* _Exercise requirements_
Please write out exactly the line containing "Tired of waiting" below and every line after it, through the last one, but leave out any pictures.
(Beginning of Given material)
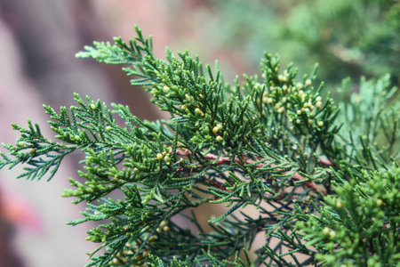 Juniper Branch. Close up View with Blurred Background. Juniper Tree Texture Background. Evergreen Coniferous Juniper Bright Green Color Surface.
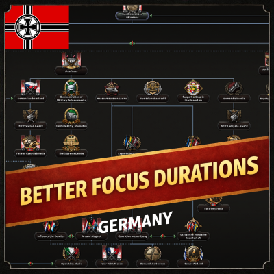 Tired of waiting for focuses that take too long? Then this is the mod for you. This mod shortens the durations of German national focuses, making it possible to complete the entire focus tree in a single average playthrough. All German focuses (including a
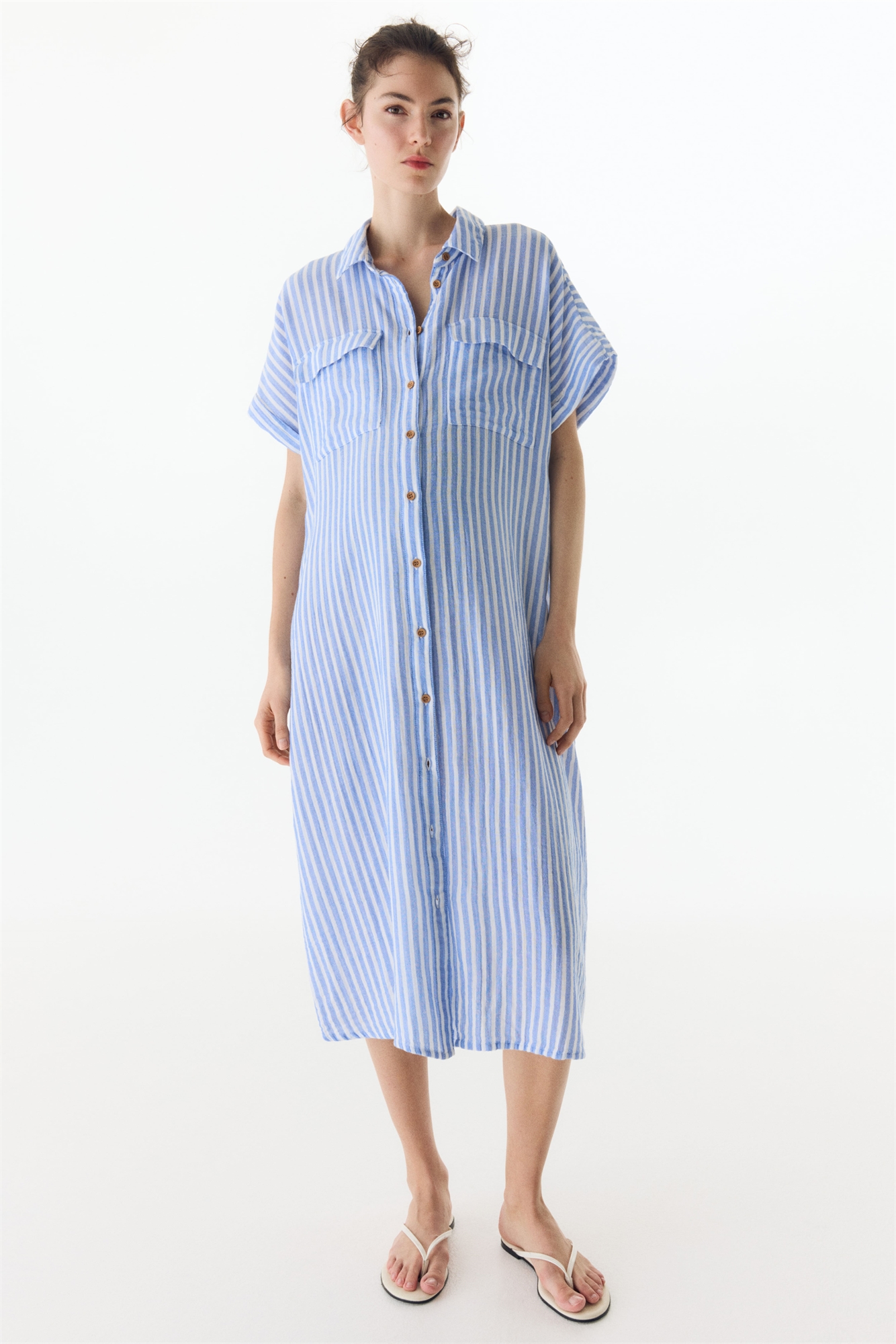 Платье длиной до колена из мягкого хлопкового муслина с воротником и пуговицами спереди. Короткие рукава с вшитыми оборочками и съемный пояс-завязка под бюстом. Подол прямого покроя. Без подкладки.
(End of Given material)
* _Written reply_
 Tired of waiting for focuses that take too long? Then this is the mod for you. This mod shortens the durations of German national focuses, making it possible to complete the entire focus tree in a single average playthrough. All German focuses (including a
 Платье длиной до колена из мягкого хлопкового муслина с воротником и пуговицами спереди. Короткие рукава с вшитыми оборочками и съемный пояс-завязка под бюстом. Подол прямого покроя. Без подкладки.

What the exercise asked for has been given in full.